**Items from a data source**.
——————

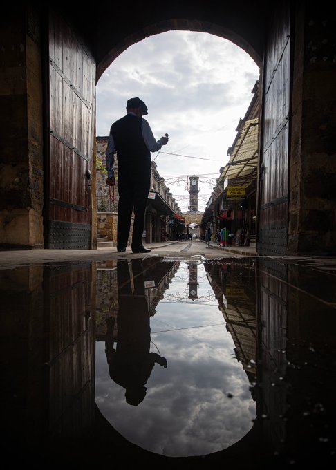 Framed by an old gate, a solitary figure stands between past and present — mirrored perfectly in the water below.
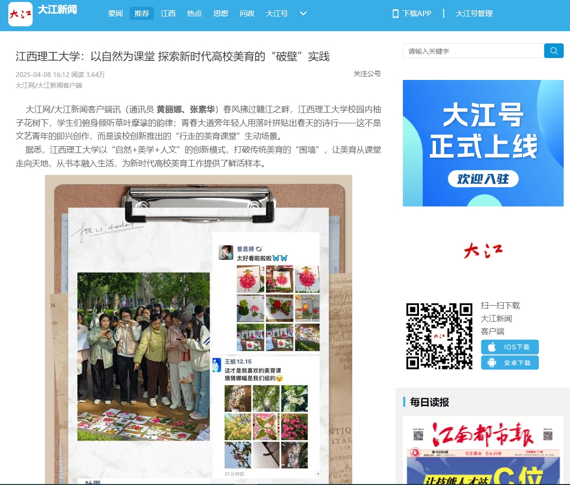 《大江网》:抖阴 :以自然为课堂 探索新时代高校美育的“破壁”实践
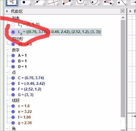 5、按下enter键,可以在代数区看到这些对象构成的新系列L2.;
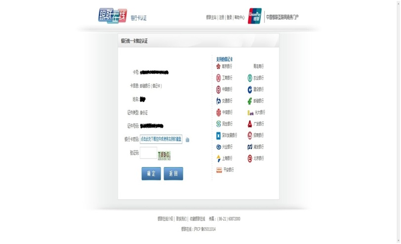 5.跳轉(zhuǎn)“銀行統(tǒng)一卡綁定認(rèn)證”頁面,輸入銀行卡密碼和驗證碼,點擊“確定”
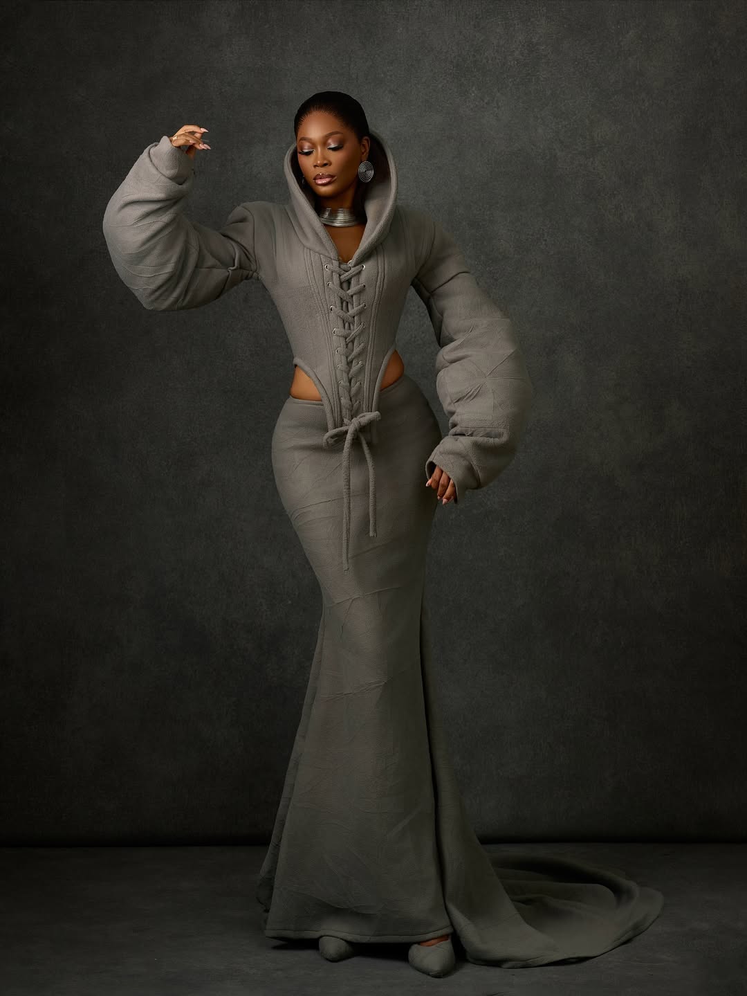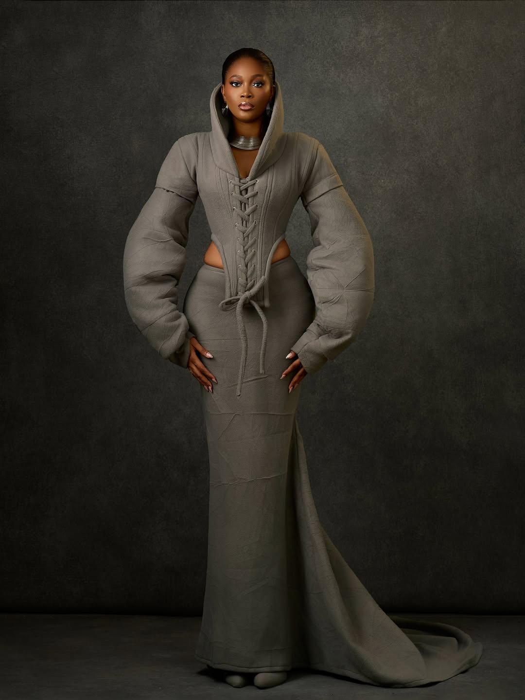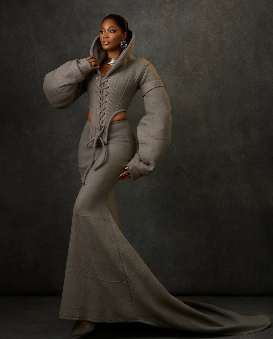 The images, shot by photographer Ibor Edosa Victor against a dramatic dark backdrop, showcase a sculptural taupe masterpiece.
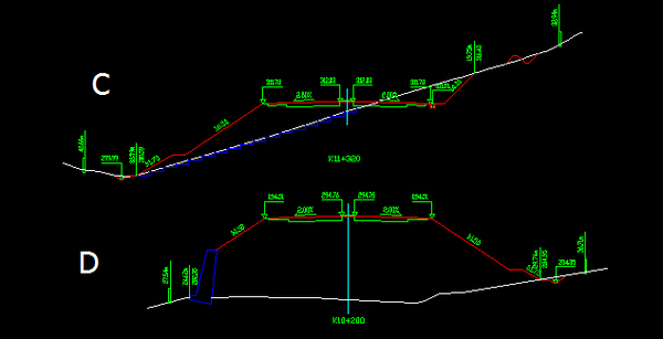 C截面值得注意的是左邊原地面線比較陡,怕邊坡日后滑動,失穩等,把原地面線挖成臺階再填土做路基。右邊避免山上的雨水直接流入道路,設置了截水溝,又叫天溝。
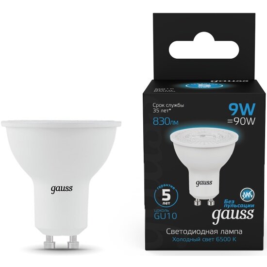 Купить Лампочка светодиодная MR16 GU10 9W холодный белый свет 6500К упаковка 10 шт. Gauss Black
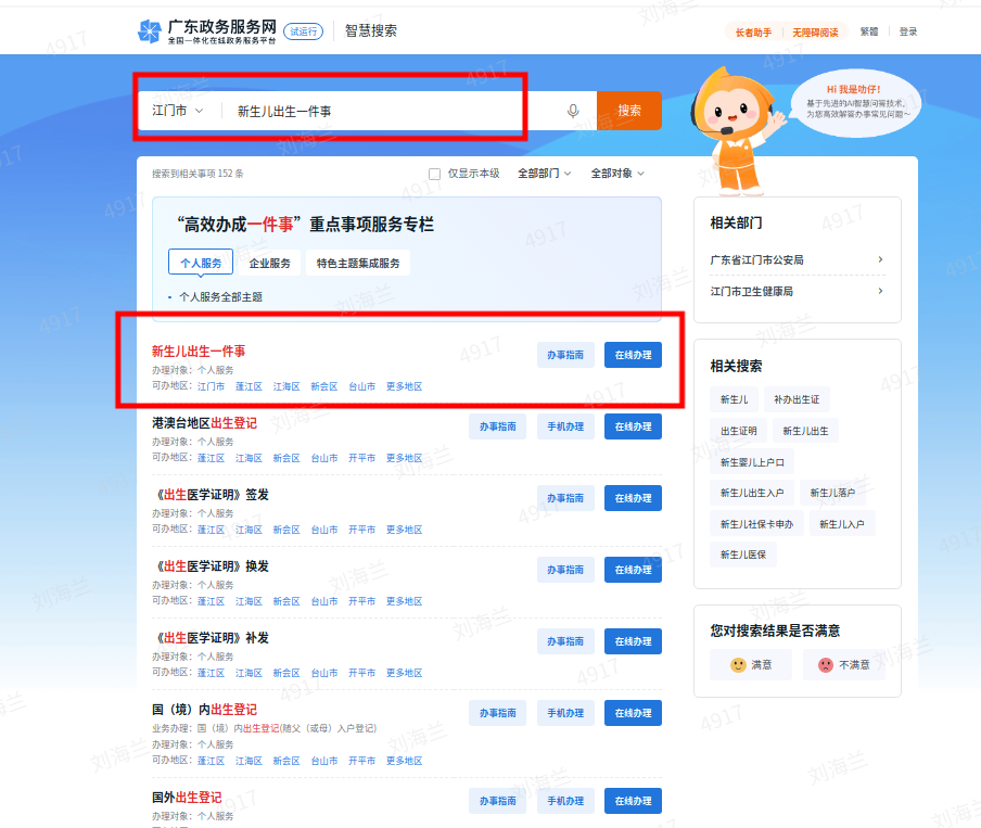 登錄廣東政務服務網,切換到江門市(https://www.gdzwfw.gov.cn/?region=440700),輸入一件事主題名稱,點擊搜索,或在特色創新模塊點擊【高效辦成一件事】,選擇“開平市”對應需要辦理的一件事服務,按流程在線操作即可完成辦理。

——————

**What the task asks**.
Transcribe the records above exactly, leaving every picture out of the copy.

**Expected answer**.
 Framed by an old gate, a solitary figure stands between past and present — mirrored perfectly in the water below.
 《大江网》:抖阴 :以自然为课堂 探索新时代高校美育的“破壁”实践
 5、按下enter键,可以在代数区看到这些对象构成的新系列L2.;
 5.跳轉(zhuǎn)“銀行統(tǒng)一卡綁定認(rèn)證”頁面,輸入銀行卡密碼和驗證碼,點擊“確定”
 The images, shot by photographer Ibor Edosa Victor against a dramatic dark backdrop, showcase a sculptural taupe masterpiece.
 C截面值得注意的是左邊原地面線比較陡,怕邊坡日后滑動,失穩等,把原地面線挖成臺階再填土做路基。右邊避免山上的雨水直接流入道路,設置了截水溝,又叫天溝。
 Купить Лампочка светодиодная MR16 GU10 9W холодный белый свет 6500К упаковка 10 шт. Gauss Black
 登錄廣東政務服務網,切換到江門市(https://www.gdzwfw.gov.cn/?region=440700),輸入一件事主題名稱,點擊搜索,或在特色創新模塊點擊【高效辦成一件事】,選擇“開平市”對應需要辦理的一件事服務,按流程在線操作即可完成辦理。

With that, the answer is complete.